A former South Bay sports reporter is fighting back after his employer filed for a restraining order—a move he says could shatter his chances for a normal life.
A hearing could decide whether Paul Gackle—a former hockey reporter at the Mercury News—will be forced to stay away from the newspaper and its employees, setting off an extraordinary legal fight between a journalist and the newspaper. On Tuesday, Commissioner Erik Johnson continued the hearing to Dec. 13.
The newspaper’s executives say Gackle poses a threat after he allegedly threatened another reporter at a public event and criticized the paper on Twitter. Gackle says the move is retaliation after the newspaper fired him when he became a crime victim and began blowing the whistle on the District Attorney‘s handling of his case.
Gackle, who covered the San Jose Sharks for two years, was stabbed 14 times in 2017 by an assailant, Sydney Whalen, during a robbery in his apartment. Gackle says he was fired in 2019 as he struggled to recover from post traumatic stress disorder.
Gackle has since struggled to secure victim’s compensation—going without a paycheck for a year and a half—and has blamed the District Attorney’s Office for mishandling his case, including failing to notify him of the assailant’s identity for nearly a year.
The Santa Clara County Superior Court already granted the newspaper a temporary restraining order (TRO) against Gackle at the end of August.
The Mercury News claims in its petition that Gackle “stated an intent to punch” reporter Robert Salonga during a July 11 campaign event for Sajid Khan, who is running for Santa Clara County District Attorney. According to the petition, Gackle yelled at Salonga for ruining his life with coverage of the assault, and said, “I haven’t even punched him yet” when a deputy public defender intervened in the confrontation. Gackle told San José Spotlight he was just being sarcastic and left the event voluntarily after it happened.
“I regret the interaction because it gave the Mercury News impetus to sew together this whole TRO against me,” Gackle said. “It didn’t do anything to help my own personal objectives, but that said, it’s nothing like what the (Mercury News) is making that exchange out to be.”
But the newspaper waited six weeks after the incident to file the restraining order on Aug. 25, records show, and two days after this news organization published a story about Gackle’s situation.
Margaret Petros, executive director of Mothers Against Murder and an advocate for Gackle, said it’s absurd to portray Gackle as a violent threat, noting that she’s helped file numerous TROs in the past and is familiar with the kind of people they’re designed to provide protection against.
“Paul is not a violent person,” she told San José Spotlight. “Paul is a very angry, traumatized person.”
To support its need for a restraining order, the Mercury News also cites Twitter posts where Gackle allegedly “shows an escalating fixation with the Mercury News and its employees, and a deteriorating mental state,” noting that he stated his intent to commit suicide in tweets referencing the paper.
The petition also claims Gackle repeatedly sent direct messages to Salonga and tagged him and the Mercury News in posts criticizing the paper’s reporting. It also references an incident where Gackle brought a knife to the Santa Clara County District Attorney’s Office and threatened to kill himself.
Petros said none of Gackle’s Twitter posts contain direct threats against the Mercury News. She’s concerned that granting a restraining order based on these kinds of tweets could have a chilling impact on other crime victims’ First Amendment right to criticize their former employers.
Getting at the truth
According to the filing, Gackle did not object to his name being published in a September 2018 article in the Mercury News that reported on Whalen’s crimes. Gackle disputes this claim, stating he objected to his name being used and was given a choice for the story to run immediately or later.

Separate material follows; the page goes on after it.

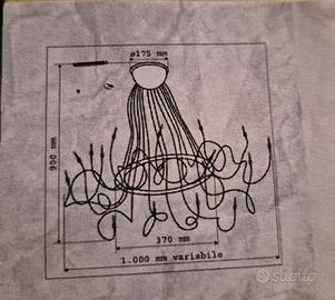 Lampadario modello BEBAL I 5 della collezione 2011. Disegnato da "Lucifero Illuminazione" fondata nel 1990, dalla mente creativa di Roberto Cutuli e dall'ingegno costruttivo di Franco Tamion. Ogni pezzo, unico nel suo genere, combina creatività e funzionalità riflettendo un connubio tra arte e design. La base è in rame cromato color acciaio, gli steli sono modellabili. Il trasformatore toroidale è inserito nella base. Usato in una boutique di abbigliamento. Per via della delicatezza del prodotto si propone un ritiro a mano presso una località concordata con il compratore.

Managing Editor Bert Robinson declined comment, and referred San José Spotlight to the court filings.
Gackle claims the Mercury News is retaliating against him for speaking out about the newspaper’s alleged mistreatment of him.
Gackle claimed the newspaper fired him in 2019 after he expressed concern about returning to work while still suffering from trauma. Gackle said filing a restraining order two days after he told his story to this news organization could set a precedent to silence other whistleblowers.

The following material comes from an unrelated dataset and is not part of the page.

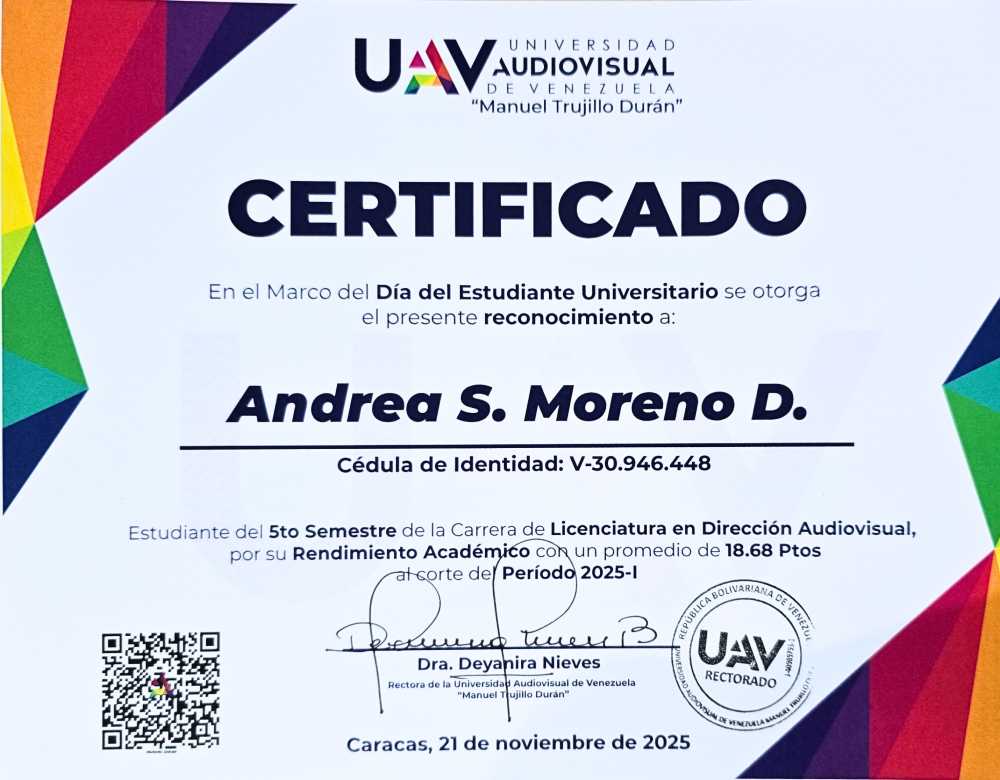 MORENO DURAN ANDREA SOPHIA, C.I.: 30946448, carrera: LICENCIATURA EN DIRECCIÓN AUDIOVISUAL

“This is chilling and silencing people who might come forward and expose toxic work culture,” he said. “This gives the employer just one more tool in their belt to keep them silent.”
If granted, the restraining order would bar Gackle from approaching any Mercury News employees within 100 yards while they’re covering news stories in public spaces. Gackle says this would prevent him from participating in political campaigns like Khan’s and make it harder for him to find another job.
“Who wants to hire somebody who has a black stain on their record, where the legal system has made a ruling that I’m a potential threat to my former employers?” Gackle said. “If they go through with this, it’s them handcuffing me and putting me behind bars without actually doing it.”
It could also potentially affect Gackle’s ability to continue receiving payments through the California Victims Compensation Board, which provides financial assistance to crime victims. Gackle, who hasn’t had income for more than a year, said he recently received his first check from the board.
Petros said the restraining order could undo months spent helping Gackle heal from his trauma.
“I believe Paul is on the right track,” Petros said. “To put such a mark on this man’s record, with a restraining order, it’s so devastating.”